As autumn advances and the nights draw in, we all begin to switch our heating on to take the chill out of the air. But instead of wall-mounted radiators, more are turning on underfloor heating , a system that emits an even warmth through the floor.It’s something that’s becoming more widespread, and not only with more people pursuing self-build dreams of the type made popular by the TV show Grand Designs. It’s more affordable than some might think, costing around the same as luxury radiators, is more efficient and does away with those irritating cold spots! Based in Honiton, Devon, Nu-Heat is the UK’s largest supplier of designed underfloor heating systems.
The company started out in 1992 employing just a handful of people and is celebrating its 25th anniversary this year with a team of more than 100. With over 70,000 systems installed, the company has also branched out into integrated renewables such as heat pumps and solar thermal systems.Nu-Heat designs bespoke systems for each project, working from house plans, and as well as single new build or renovation jobs, also works on bigger trade and commercial developments. The company works with a network of registered installers around the country.
Customer service journey
Customer service has always been important to the company and in 2014 it formalised this by becoming a member of the Institute of Customer Service. Christian Oram, Sales and Marketing Manager at Nu-Heat, explains: “We’ve always looked at the customer service journey throughout the process from first contact through to completion of a job. We pride ourselves on being an ethical sales company that takes a very consultative approach.
The industry has become more competitive over the years and we realised that bringing customer service to the forefront of what we do will improve customer satisfaction and give us a real competitive advantage. It is another way we can stand out from the crowd. The difference between eight out of ten and nine out of ten for customer satisfaction is huge.
On joining the Institute, Nu-Heat ran an initial benchmarking survey both externally and internally. The external results were pleasing, with a customer satisfaction score of 84.6%. Internally, however, it was much lower at 62.7%.”We realised that we had much more to do on the internal side,” Christian says. “Whether we were just being too harsh on ourselves, or whether we were not in fact communicating well enough through the company about the emphasis we place on customer service, it gave us the spur to up our efforts. So we began to increase the visibility of our customer service policies and processes, including beginning a formal feedback process internally for service challenges and successes.”
Steering a path
That wasn’t all the company did, though. “We also set up a Customer Service Steering Group, made up of Board members and senior management (including myself). The Steering Group sets strategy, looks at high level customer service challenges and discusses root causes. Then we created a Customer Service Focus Group made up of people from across departments to develop and implement any changes to our processes. In addition, we created internal customer service champions, started a recognition scheme and began sending out monthly customer feedback emails to all of our people.”

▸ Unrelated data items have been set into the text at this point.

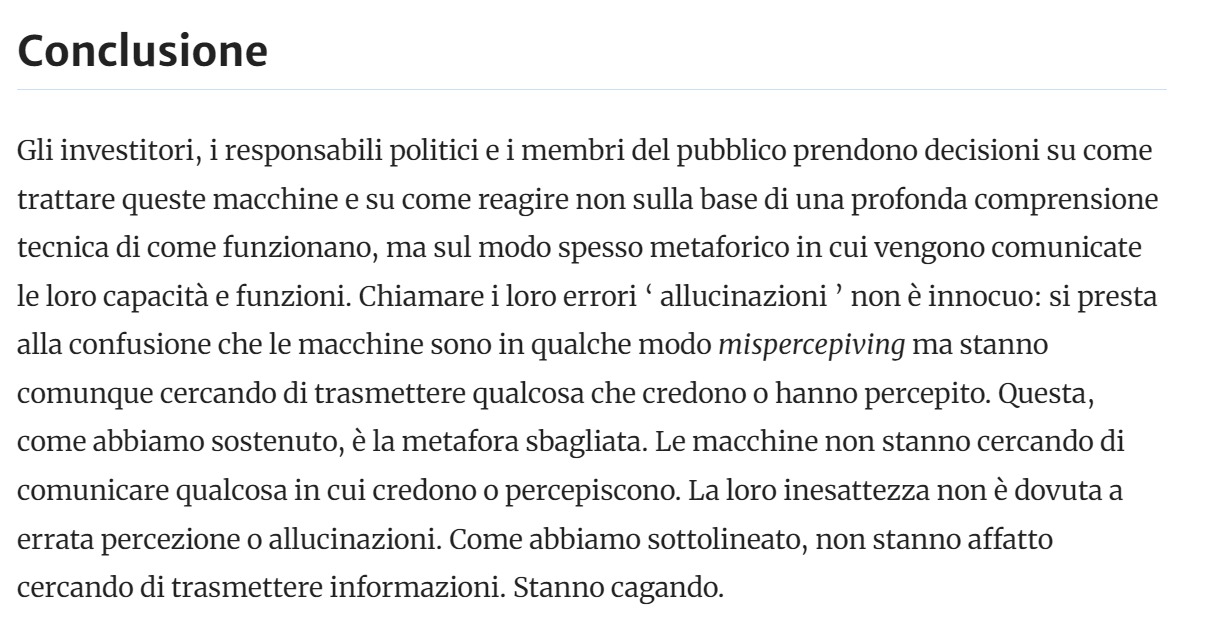 divertentissimo! davvero il bullshitting delle macchine è ricorsivo! :-D per paragone, questo è lo stesso brano tradotto via https://lingva.thedaviddelta.com/: --8<---------------cut here---------------start------------->8--- Conclusione Gli investitori, i politici e i membri del pubblico in generale prendono decisioni su come trattarli macchine e come reagire ad esse senza una profonda comprensione tecnica di come funzionano, ma sul modo, spesso metaforico, in cui vengono comunicate le loro capacità e funzioni. Chiamando i loro errori "allucinazioni" non sono innocue: si prestano alla confusione in cui si trovano le macchine in qualche modo fraintendono, ma cercano comunque di trasmettere qualcosa in cui credono o hanno percepito. Questa, come abbiamo sostenuto, è la metafora sbagliata. Le macchine non stanno cercando di comunicare qualcosa in cui credono o percepiscono. La loro inesattezza non è dovuta a percezioni errate o allucinazioni. COME abbiamo sottolineato, non cercano affatto di trasmettere informazioni. Stanno scherzando. --8<---------------cut here---------------end--------------->8--- puzza meno ma puzza lo stesso :-) questo con il mitico https://www.deepl.com/ --8<---------------cut here---------------start------------->8--- Conclusione Gli investitori, i politici e il pubblico in generale prendono decisioni su come trattare queste macchine e su come reagire ad esse basandosi non su una profonda comprensione tecnica del loro funzionamento, ma sul modo spesso metaforico in cui vengono comunicate le loro capacità e il loro funzionamento. Chiamare i loro errori "allucinazioni" non è innocuo: si presta alla confusione che le macchine stiano in qualche modo percependo male, ma stiano comunque cercando di trasmettere qualcosa che credono o hanno percepito. Questa, come abbiamo detto, è una metafora sbagliata. Le macchine non stanno cercando di comunicare qualcosa che credono o percepiscono. La loro imprecisione non è dovuta a una percezione errata o a un'allucinazione. Come abbiamo sottolineato, non stanno cercando di trasmettere informazioni. informazioni. Stanno dicendo cazzate. Tradotto con DeepL.com (versione gratuita) --8<---------------cut here---------------end--------------->8--- complimentoni deepl.com! [...] saluti, 380° -- 380° (Giovanni Biscuolo public alter ego) «Noi, incompetenti come siamo, non abbiamo alcun titolo per suggerire alcunché» Disinformation flourishes because many people care deeply about injustice but very few check the facts. Ask me about <https://stallmansupport.org>.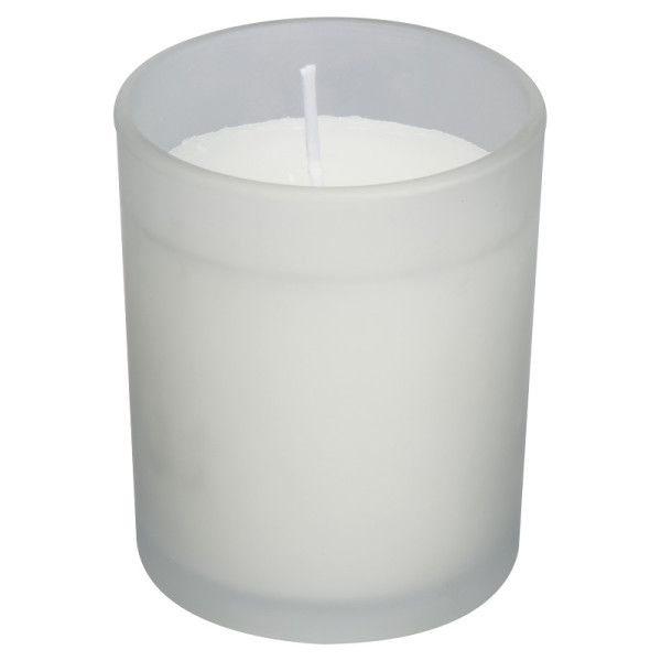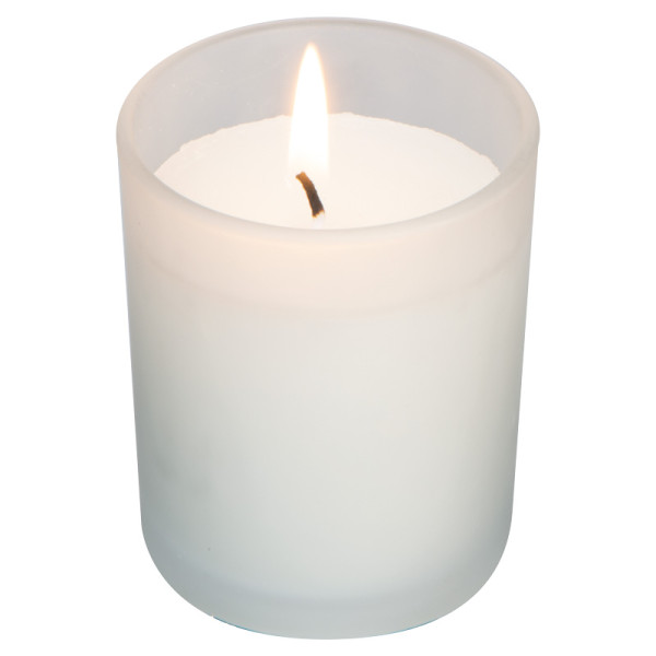 Candle in an elegant frosted glass with bamboo lid, decorative and versatile. Your logo will be engraved on the lid.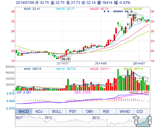 | 今 開: | 32.75 | 成交量: | 1.84萬手 | 振 幅: | 3.16% |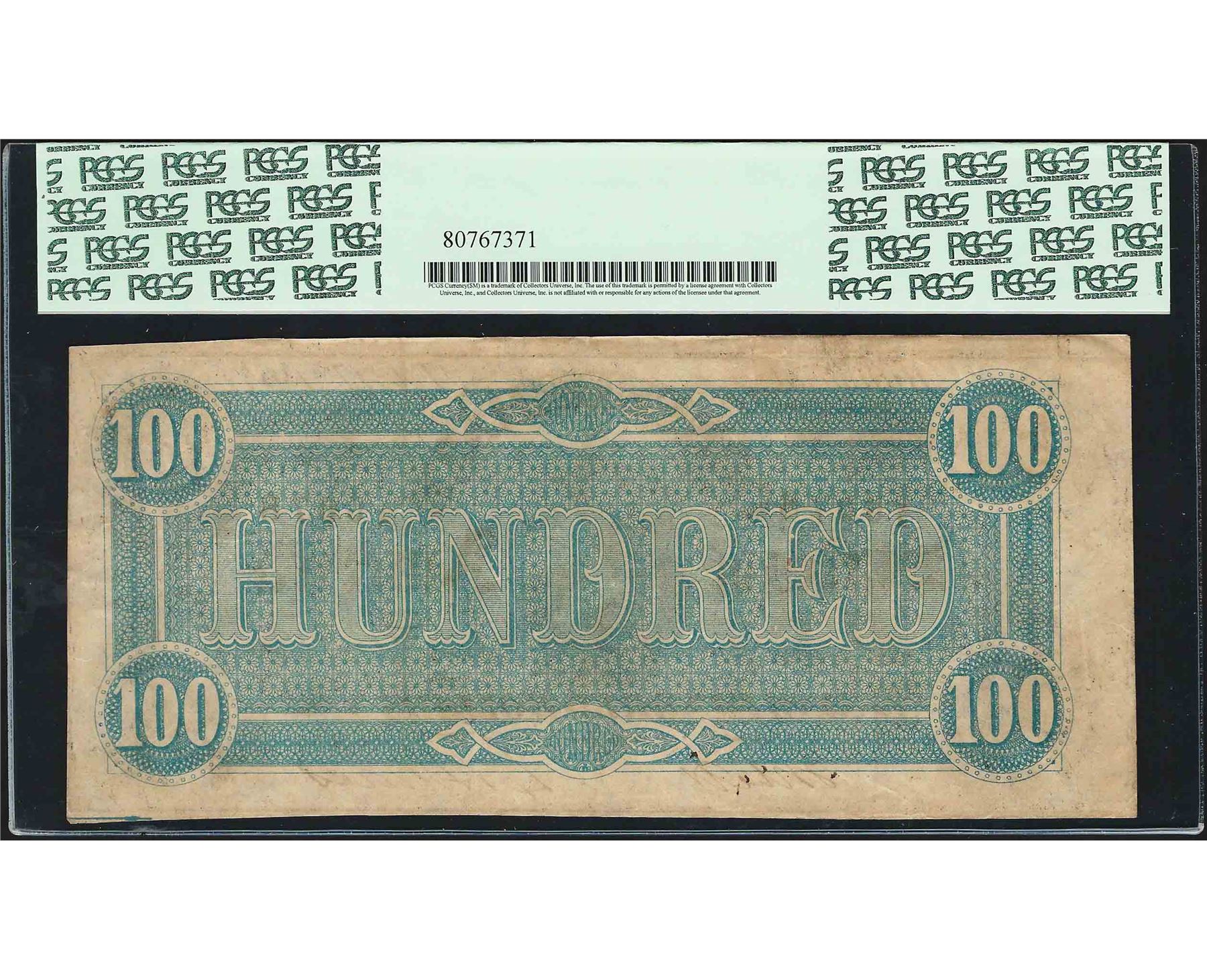 1864 $100 Confederate States of America Note T-65 PCGS Extremely Fine 45
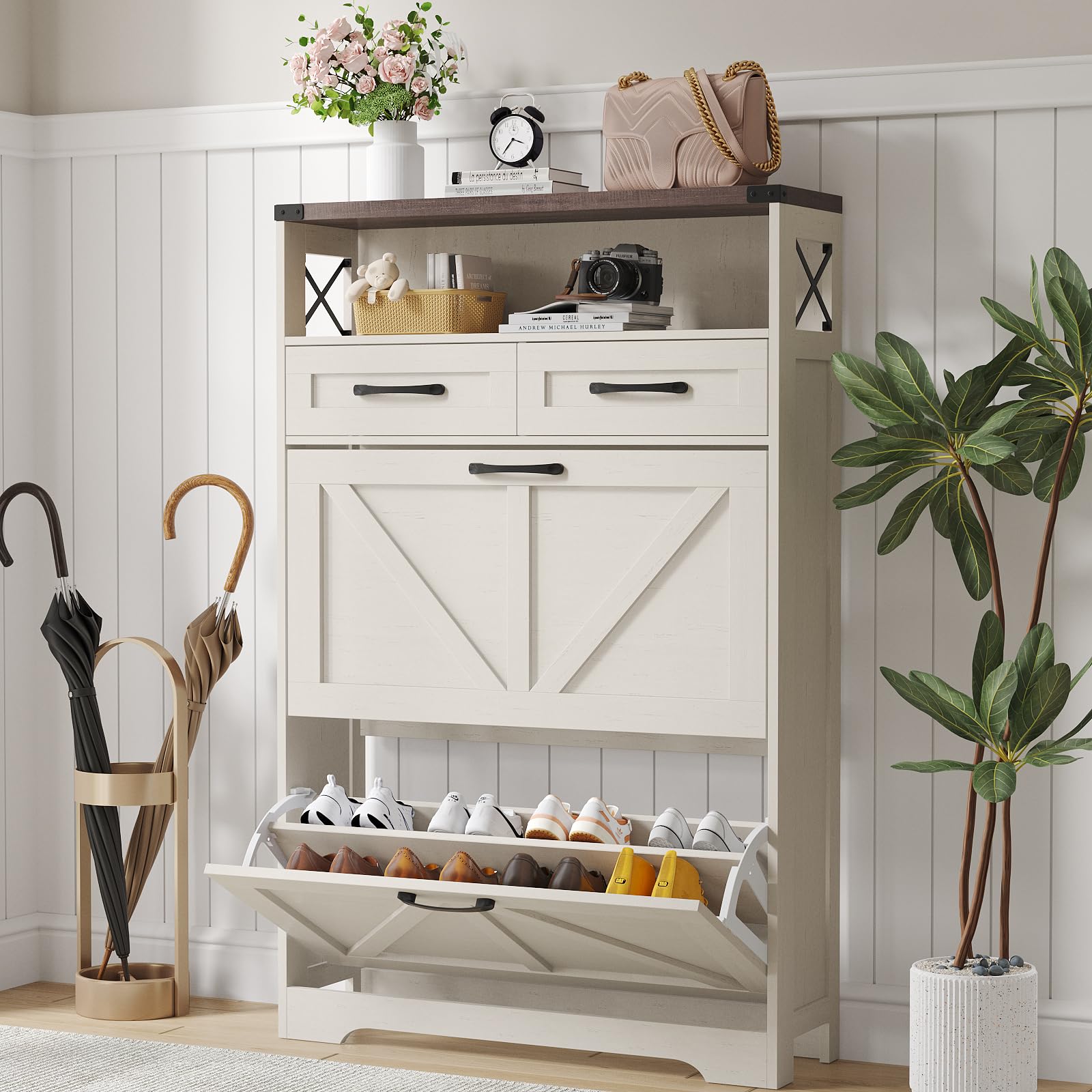 Maupvit Shoe Cabinet with 2 Flip Drawers... |

Nu-Heat then worked towards The Institute’s ServiceMark accreditation, and successfully gained it in December 2016. It is the only heating company in the UK to hold the accolade. Not only that, but the company achieved a Distinction, one of only a handful of companies in any sector to do so. The company’s external score had risen to 88.8% – a satisfying increase given that it was already starting from a high score, while the internal score shot up to 88.9%.
The ‘9 out of 10’ goal
“We were very pleased with this,” Christian says, “but we want to keep pushing ourselves to do better! We’d love to get to 90%. That’s why we’ve now embraced a ‘9 out of 10’ initiative where every member of staff sets themselves an improvement goal that would help us get to that 9 out of 10 score. It can be something big or small. For example, my first one was ‘Don’t interrupt people’ as I had a habit of doing that! My current one is ‘Establish a structure and process so everyone in my team is clear what their role is’. People have really embraced it well. Since joining The Institute, the customer service ethos has become firmly embedded in the company”.
Through following the advice of their Client Services Director at The Institute, every member of Christian’s 40-strong Sales and Marketing team, for example, has a customer service objective amongst their 4 or 5 key personal performance objectives for the year. The company’s HR manager has also become an accredited trainer to deliver The Institute’s FirstImpressions customer service training programme, and all of Nu-Heat’s people have been through it. “We’ve caught the training bug now!” Christian laughs. “FirstImpressions was our first company-wide learning and development training and now we’re rolling out leadership training too.” The company also actively participates in National Customer Service Week (1st week of October) with a variety of team-building and recognition activities through the week. “We’ve taken part for the last three years now,” Christian says. “It’s something we look forward to and everyone can enjoy.”
Christian is also clear that there has been a real return on investment for Nu-Heat from working with The Institute. The company has grown market share steadily through the last three years. Externally, repeat business on the trade side has grown by around 15%. Internally, as engagement scores have risen so sick leave has dropped significantly down by around a half. “There’s no doubt that membership has been really good for us. We make the most of it, with our ServiceMark Distinction accreditation on all our quotes, our website, our brochures and our trade show stands. Customers notice it and comment on it. It’s a point of differentiation, a real USP. Internally too, it has proved its worth. People like working for a company that is genuinely trying to be the best it can be. They want to be a part of that and are motivated when they can see you are listening to them and valuing their point of view.”